Computers have two remarkable capabilities with regard to images: they can identify them and generate them again. Historically, these functions have been separate, such as the disparate acts of a chef who is good at creating dishes (generation) and a connoisseur who is good at tasting dishes (recognition).
Yet one cannot help but wonder: What would it take to orchestrate a harmonious union between these two distinctive capabilities? Both the chef and the connoisseur share a common understanding of how food tastes. Similarly, a unified vision system requires a deep understanding of the visual world.
Now, researchers at MIT’s Computer Science and Artificial Intelligence Laboratory (CSAIL) have trained a system to infer the missing parts of an image, a task that requires a deep understanding of the image’s content. By successfully filling in the blanks, the system, known as the Masked Generative Encoder (MAGE), achieves two goals at the same time: accurately identify images and create new ones with a striking resemblance to reality.
This dual-purpose system allows for myriad potential applications, such as identifying and classifying objects within images, learning quickly from minimal examples, creating images under specific conditions such as text or class, and enhancing existing images.
Unlike other techniques, MAGE does not work with raw pixels. Instead, it turns images into what are called “semantic tokens,” which are compact, yet abstract, versions of an image section. Think of these tiles as mini puzzle pieces, each representing a 16×16 patch of the original image. Just as words form sentences, these tokens create an abstract version of an image that can be used for complex processing tasks, while preserving the information in the original image. Such a tokenization step can be trained within a self-monitoring framework, allowing it to be pretrained on large unlabeled image datasets.
Now, the magic begins when MAGE uses “masked token modeling”. She randomly hides some of these tokens, creating an incomplete puzzle, and then trains a neural network to fill in the gaps. In this way, she learns both to understand the patterns in an image (image recognition) and to generate new ones (image generation).
“A remarkable part of MAGE is its variable masking strategy during pretraining, allowing you to train for tasks, imaging, or reconnaissance, within the same system,” says Tianhong Li, an electrical and computer engineering doctoral student at the M.I.T. , a CSAIL affiliate, and lead author on a article about the investigation. “MAGE’s ability to work in ‘chip space’ rather than ‘pixel space’ results in the generation of clear, detailed, high-quality images, as well as semantically rich image representations.
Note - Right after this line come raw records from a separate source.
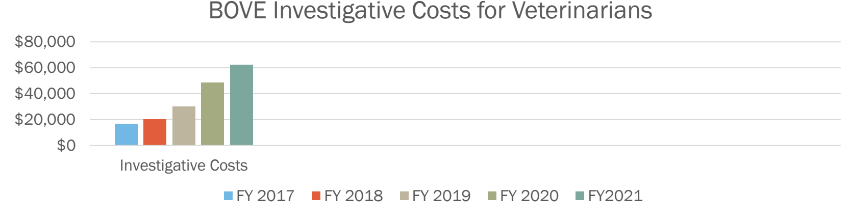
Costly and onerous requirements for monitoring veterinarians have been placed on the board of veterinary examiners (BOVE).

Alaska veterinarians have the highest licensing fee in the country.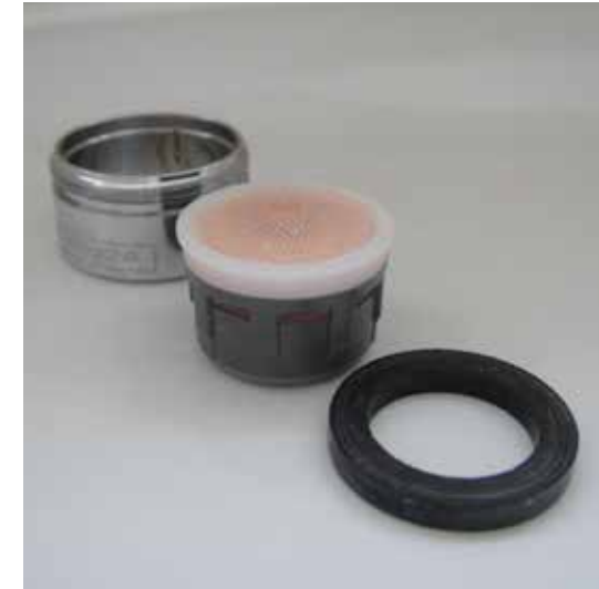
4: CHECK the components of your new tap aerator; the housing, the regulator, and a washer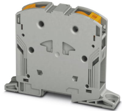
Image shows the version in gray

Feed-through terminal block, Connection method: Push-in connection, Cross section: 25 mm 2 - 95 mm 2 , AWG: 4 - 3/0, Width: 25 mm, Height: 99.8 mm, Color: blue, Mounting type: Direct screw connection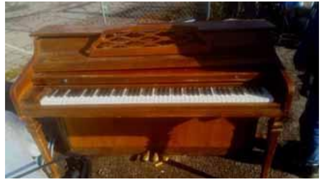
This piano needs a new home. The price is $50 except for schools or churches—then it is free!

Hopefully this could pave the way for advanced and integrated computer vision models.”
In addition to its ability to generate realistic images from scratch, MAGE also allows for conditional image generation. Users can specify certain criteria for the images they want MAGE to generate, and the tool will create the appropriate image. It is also capable of performing image editing tasks such as removing elements from an image while maintaining a realistic appearance.
Reconnaissance tasks are another strong point of MAGE. With its ability to pretrain on large unlabeled data sets, you can classify images using only the learned representations. Additionally, it excels at learning few shots, achieving impressive results on large image data sets such as ImageNet with only a handful of labeled examples.
The validation of MAGE’s performance has been impressive. On the one hand, it set new records for the generation of new images, surpassing previous models with a significant improvement. On the other hand, MAGE aced the recognition tasks, achieving 80.9% accuracy in linear probing and 71.9% accuracy in 10 shots on ImageNet (this means it correctly identified images in 71.9% of the cases where I only had 10 labeled examples of each). class).
Despite its strengths, the research team acknowledges that MAGE is a work in progress. The process of converting images to tokens inevitably leads to some loss of information. They are eager to explore ways to compress images without losing important detail in future work. The team also intends to test MAGE on larger data sets. Future exploration could include training MAGE on larger unlabeled data sets, which could lead to even better performance.
“It has been a long dream to achieve imaging and image recognition in one system. MAGE is groundbreaking research that successfully harnesses the synergy of these two tasks and achieves the state-of-the-art of them in a single system,” says Huisheng Wang, Senior Software Engineer of Humans and Interactions at Machine Research and Intelligence. division of Google, which was not involved in the work. “This innovative system has a wide range of applications and has the potential to inspire much future work in the field of machine vision.”
Li co-authored the paper with Dina Katabi, the Thuan and Nicole Pham Professor in MIT’s Department of Electrical Engineering and Computer Science and a CSAIL principal investigator; Huiwen Chang, a senior research scientist at Google; Shlok Kumar Mishra, University of Maryland doctoral student and Google Research intern; Han Zhang, a senior Google research scientist; and Dilip Krishnan, a Google staff research scientist. Computational resources were provided by Google Cloud Platform and the MIT-IBM Watson Research Collaboration. The team’s research was presented at the 2023 Conference on Computer Vision and Pattern Recognition.